> DATA:

☆ ☆ ☆ ☆ ☆

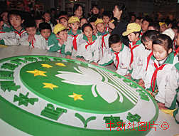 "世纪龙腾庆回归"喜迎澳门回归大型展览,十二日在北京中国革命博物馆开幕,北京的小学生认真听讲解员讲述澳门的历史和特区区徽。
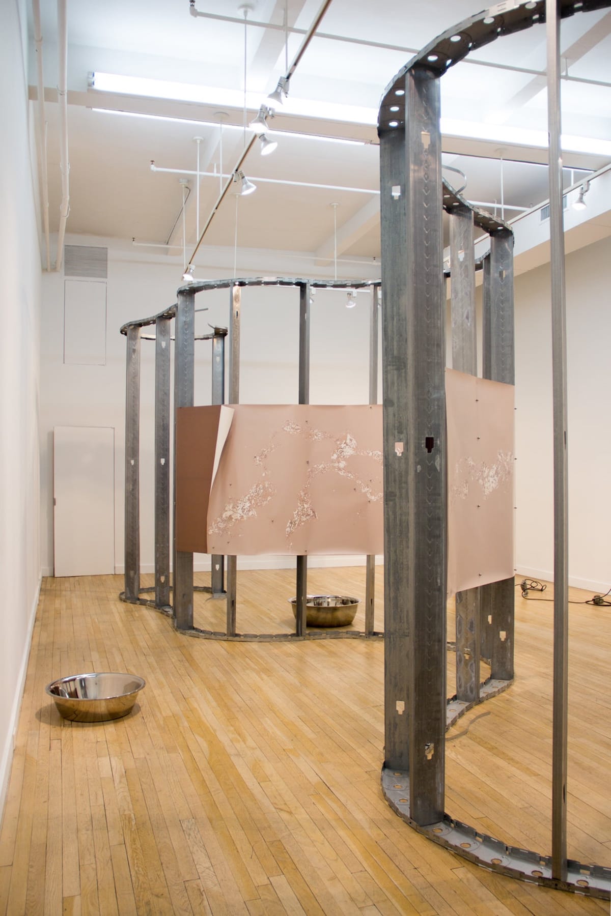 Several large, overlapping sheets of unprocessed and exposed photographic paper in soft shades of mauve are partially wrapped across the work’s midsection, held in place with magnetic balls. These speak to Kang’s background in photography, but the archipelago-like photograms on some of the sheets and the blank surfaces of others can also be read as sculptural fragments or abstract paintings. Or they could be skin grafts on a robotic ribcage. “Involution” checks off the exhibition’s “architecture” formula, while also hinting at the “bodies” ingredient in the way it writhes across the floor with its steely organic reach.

☆ ☆ ☆ ☆ ☆

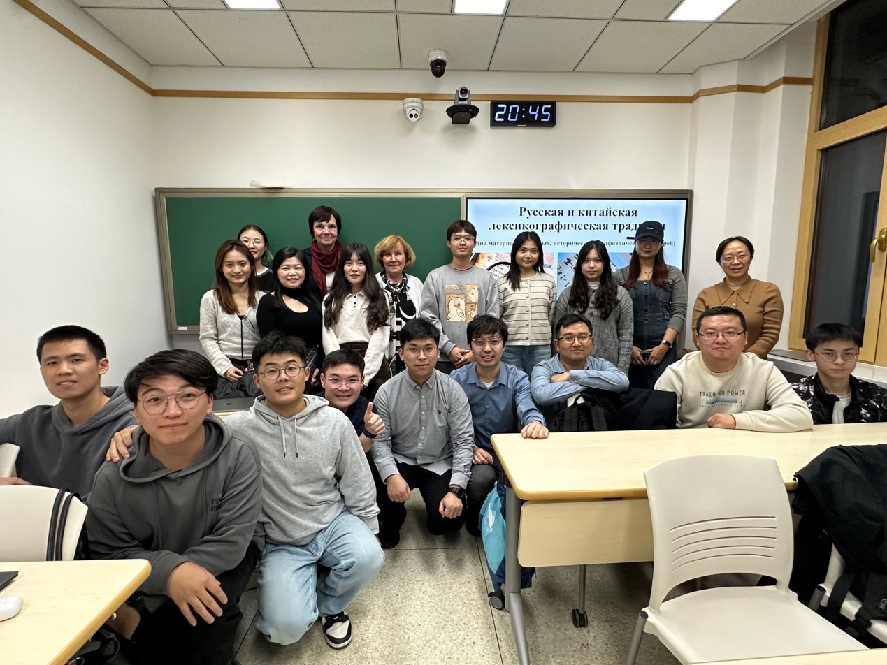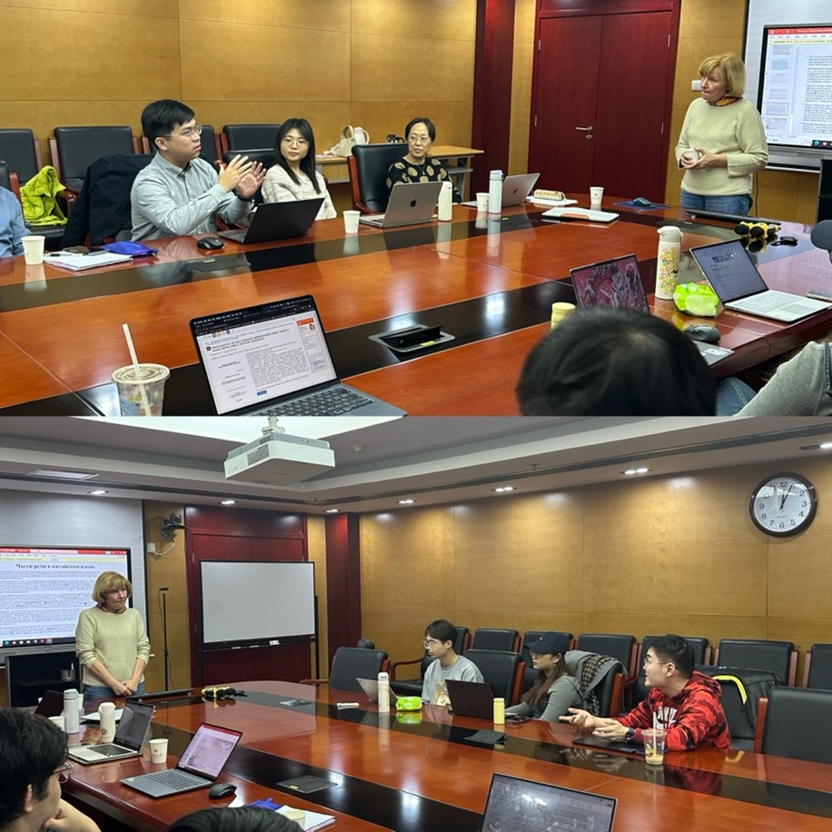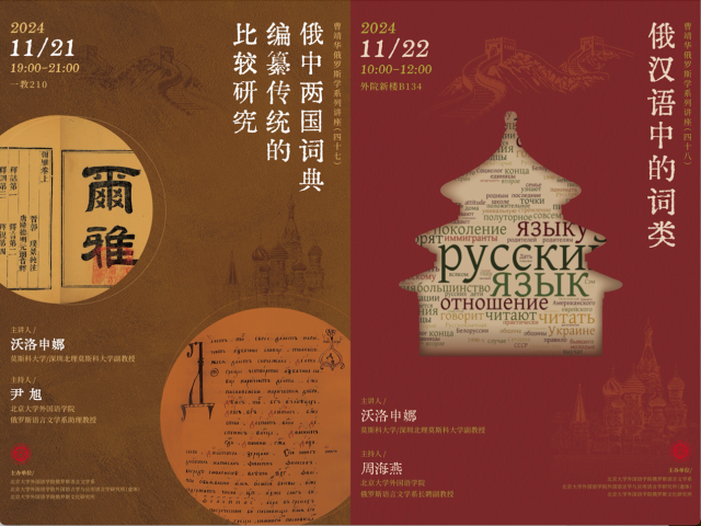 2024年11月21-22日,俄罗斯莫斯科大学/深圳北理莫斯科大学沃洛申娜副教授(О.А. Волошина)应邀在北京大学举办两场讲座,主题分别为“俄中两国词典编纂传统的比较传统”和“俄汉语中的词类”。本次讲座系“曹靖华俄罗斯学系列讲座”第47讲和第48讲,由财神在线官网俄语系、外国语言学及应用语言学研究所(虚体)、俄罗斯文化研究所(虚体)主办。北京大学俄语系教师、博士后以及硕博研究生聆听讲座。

☆ ☆ ☆ ☆ ☆

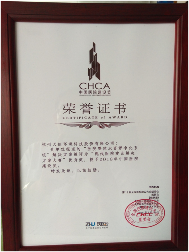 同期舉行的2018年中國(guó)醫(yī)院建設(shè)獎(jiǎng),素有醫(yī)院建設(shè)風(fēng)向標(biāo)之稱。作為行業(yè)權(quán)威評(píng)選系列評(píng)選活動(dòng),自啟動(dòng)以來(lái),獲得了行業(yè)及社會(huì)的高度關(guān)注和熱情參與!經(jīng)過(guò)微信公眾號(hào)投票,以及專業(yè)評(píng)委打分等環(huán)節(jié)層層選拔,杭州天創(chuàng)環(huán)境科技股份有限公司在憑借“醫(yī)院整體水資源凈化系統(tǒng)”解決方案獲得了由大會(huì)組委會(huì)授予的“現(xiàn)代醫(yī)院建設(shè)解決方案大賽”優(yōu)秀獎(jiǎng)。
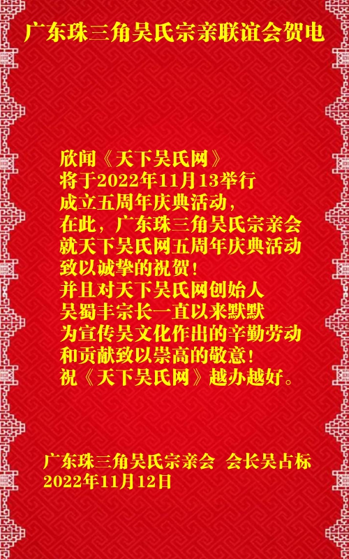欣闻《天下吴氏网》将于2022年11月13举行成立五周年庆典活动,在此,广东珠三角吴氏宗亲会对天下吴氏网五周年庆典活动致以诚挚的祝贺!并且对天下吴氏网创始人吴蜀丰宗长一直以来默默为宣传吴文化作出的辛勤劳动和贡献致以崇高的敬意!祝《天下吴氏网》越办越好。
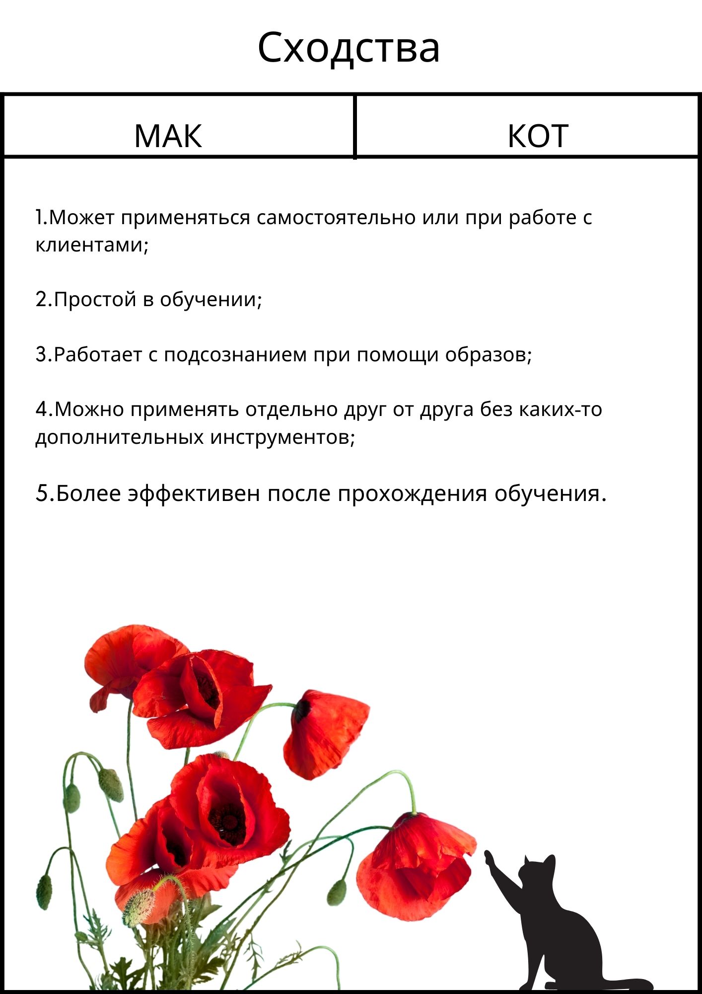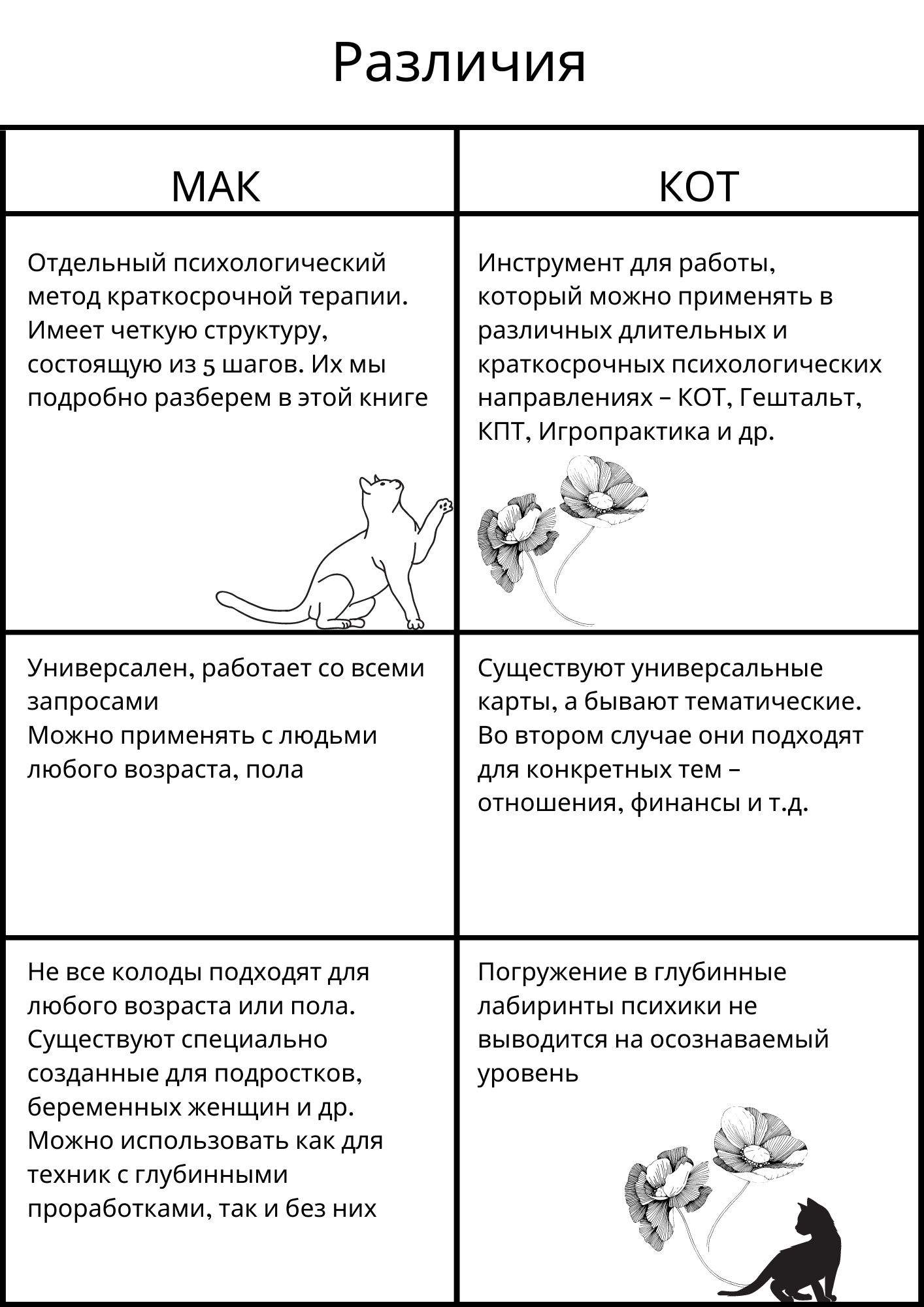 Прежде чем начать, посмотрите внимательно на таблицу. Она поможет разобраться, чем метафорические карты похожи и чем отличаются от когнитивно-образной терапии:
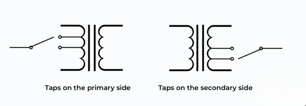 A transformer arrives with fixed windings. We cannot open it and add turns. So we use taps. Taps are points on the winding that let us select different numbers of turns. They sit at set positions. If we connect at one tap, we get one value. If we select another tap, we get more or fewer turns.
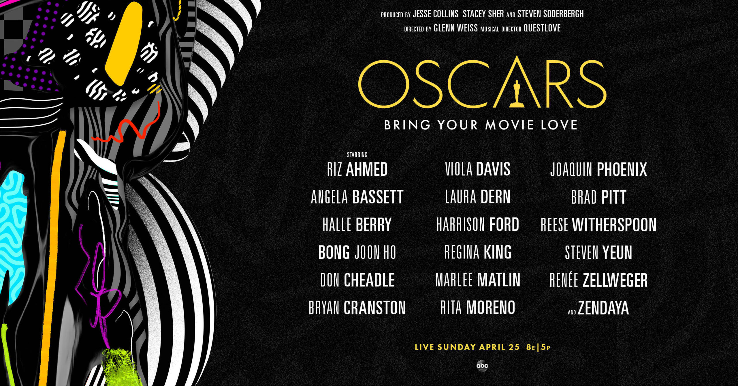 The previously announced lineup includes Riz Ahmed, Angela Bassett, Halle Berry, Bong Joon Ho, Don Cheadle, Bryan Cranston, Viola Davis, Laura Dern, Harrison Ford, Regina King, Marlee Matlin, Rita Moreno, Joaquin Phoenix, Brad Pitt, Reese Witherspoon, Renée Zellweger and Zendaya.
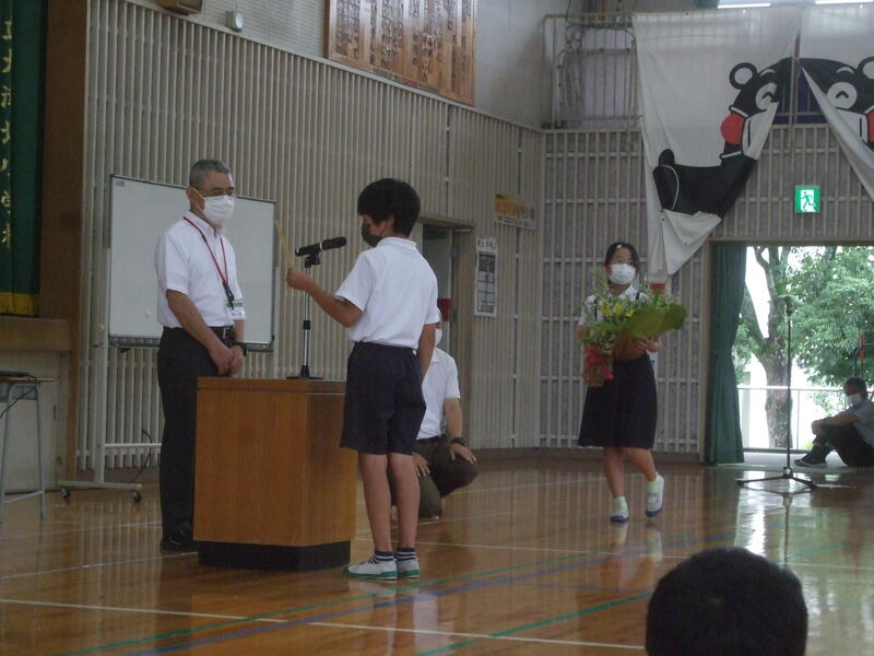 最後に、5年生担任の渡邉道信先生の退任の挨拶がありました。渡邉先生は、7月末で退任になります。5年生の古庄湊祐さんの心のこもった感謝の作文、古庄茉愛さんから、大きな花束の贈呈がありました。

☆ ☆ ☆ ☆ ☆

Look above for the line with "A transformer arrives" and the line with "The previously announced", then copy exactly the lines from the first through the second, both kept, with no pictures.

 A transformer arrives with fixed windings. We cannot open it and add turns. So we use taps. Taps are points on the winding that let us select different numbers of turns. They sit at set positions. If we connect at one tap, we get one value. If we select another tap, we get more or fewer turns.
 The previously announced lineup includes Riz Ahmed, Angela Bassett, Halle Berry, Bong Joon Ho, Don Cheadle, Bryan Cranston, Viola Davis, Laura Dern, Harrison Ford, Regina King, Marlee Matlin, Rita Moreno, Joaquin Phoenix, Brad Pitt, Reese Witherspoon, Renée Zellweger and Zendaya.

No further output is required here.